朱标点点头,从袖中取出一枚小巧的玉符,放入棺内,塞在“遗体”的右手掌心。那是一枚雕刻着螭纹的羊脂白玉,只有半寸大小,在昏暗的光线下几乎看不见。
“这是雄英周岁时,孤亲手给他戴上的。”朱标的声音有些哽咽,“让他……带着走吧。”
说完,太子转身离开,脚步有些踉跄。
王景和跪在原地,许久才缓过神。他看了一眼棺内那枚玉符,忽然意识到——那不是普通的陪葬品。玉符的螭纹雕刻方向是反的,且边缘有一处极细微的缺口。
这是一个标记。
一个只有知情者才能辨认的标记。
黑暗。
无穷无尽的黑暗。
林默感觉自己在深海中不断下沉,意识时而清醒,时而模糊。他能隐约感知到外界的声音、触碰,但就像隔着一层厚厚的玻璃。
这就是龟息状态吗?
前世在史书中读到过这种秘术的记载,但亲身经历却是另一回事。身体的所有机能都降到了最低点,只有最本能的生机还在微弱维持。
他尝试回忆。
朱元璋的眼泪是真的。那位开国皇帝对长孙的疼爱,史书从未夸大。但也正因如此,老皇帝的怀疑和调查也必然是最严苛的。
必须熬过这关。
忽然,一阵轻微的触碰传来——有人掀开了他的衣袖。然后是朱标的声音,提到疤痕……
林默心中一震。父亲这是在帮他巩固身份的真实性。那道疤痕他也有记忆,是这具身体三岁时顽皮留下的。
接着,有什么东西被塞进了右手掌心。微凉,光滑,带着熟悉的触感——是那枚螭纹玉佩。小时候朱标常拿它逗他玩,说这是“父亲给你的护身符”。
父亲在传递信息。
林默用尽全部意志力,试图控制手指。一下,两下……他轻轻摩挲着玉佩的边缘,感受到了那个熟悉的缺口。
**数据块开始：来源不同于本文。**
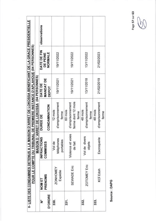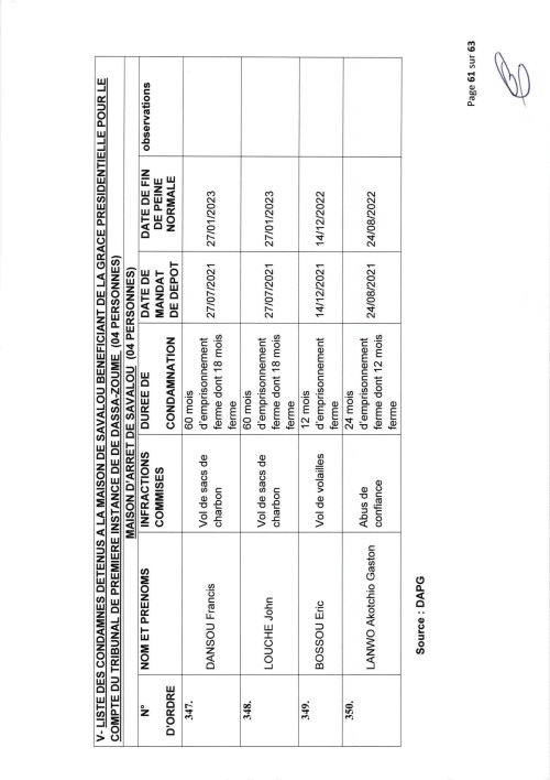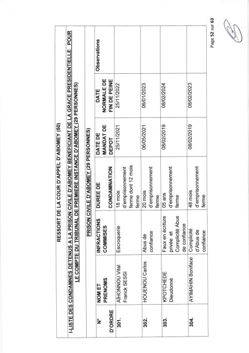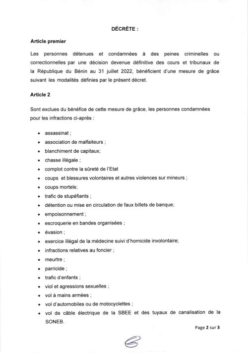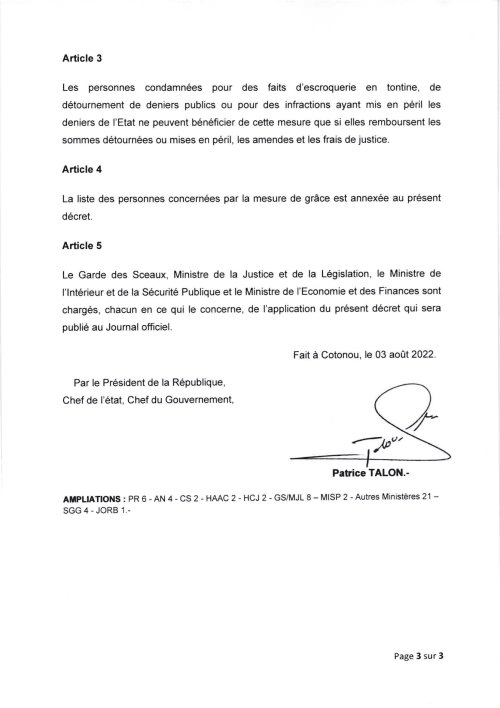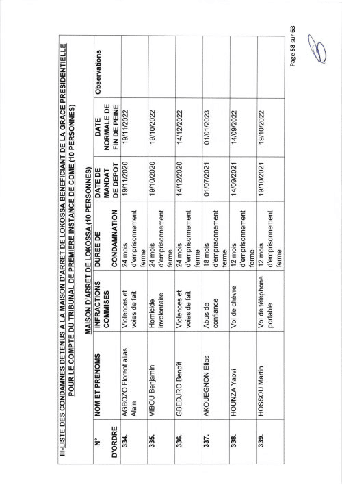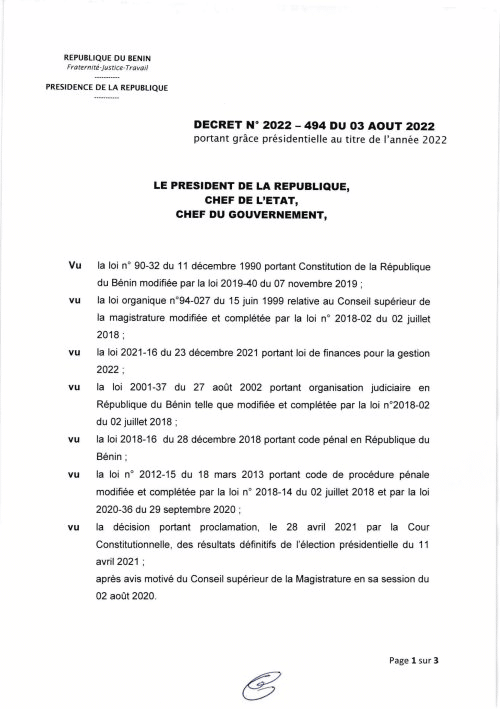 Dans le cadre de la célébration du 62e anniversaire d’indépendance du Bénin, le président Patrice Talon a gracié 350 détenus. La liste des bénéficiaires de la mesure de grâce présidentielle a été publié via le décret N°2022-494 du 03 août 2022.

然后,他用指甲在玉佩光滑的背面,划了三道极浅的痕迹。
这是一个简单的密码。前世与朋友玩闹时设计的:三道划痕,代表“安好,勿念”。
他不知道父亲能否发现,但这是他现在唯一能做的。
做完这一切,疲惫感如潮水般涌来。意识再次沉入黑暗,但这一次,他感觉到身体的温度开始发生极其微弱的变化。
龟息散的第二阶段,开始了。
卯时初,天将破晓。
朱元璋再次来到灵堂。这一次,他屏退了所有人,独自站在棺椁前。
老皇帝的目光如刀,一寸寸扫过孙儿的遗容。苍白的小脸,紧闭的双眼,微张的嘴唇——一切都符合死亡的特征。
但他的视线最终落在了那只右手上。
食指指尖的划痕还在。朱元璋俯身,仔细端详。伤口很新,血迹已经凝固,但边缘……似乎有些过于整齐了。
不像无意划伤,倒像是……
老皇帝忽然伸出手,轻轻握住了那只冰凉的小手。他摩挲着孙儿的手指,一个关节一个关节地检查。
然后,他的动作停住了。
在拇指内侧,他摸到了极细微的茧。这是一个常年握笔的孩子才会有的茧——朱雄英从五岁开蒙,每日习字两个时辰,这茧子他再熟悉不过。
是孙儿没错。
朱元璋心中稍安,但疑虑仍未完全消散。他放开手,准备转身离开。
就在这一瞬间,他的眼角余光瞥见了什么。
孙儿的右手掌心,似乎握着什么东西。从指缝间,隐约透出一抹白色。
玉?
朱元璋眼神一凝。他记得入殓时,陪葬品清单上并无玉佩之类的小件。宫中规矩,这类小物件容易在搬运中遗失,一般不随葬。
老皇帝重新俯身,轻轻掰开孙儿的手指。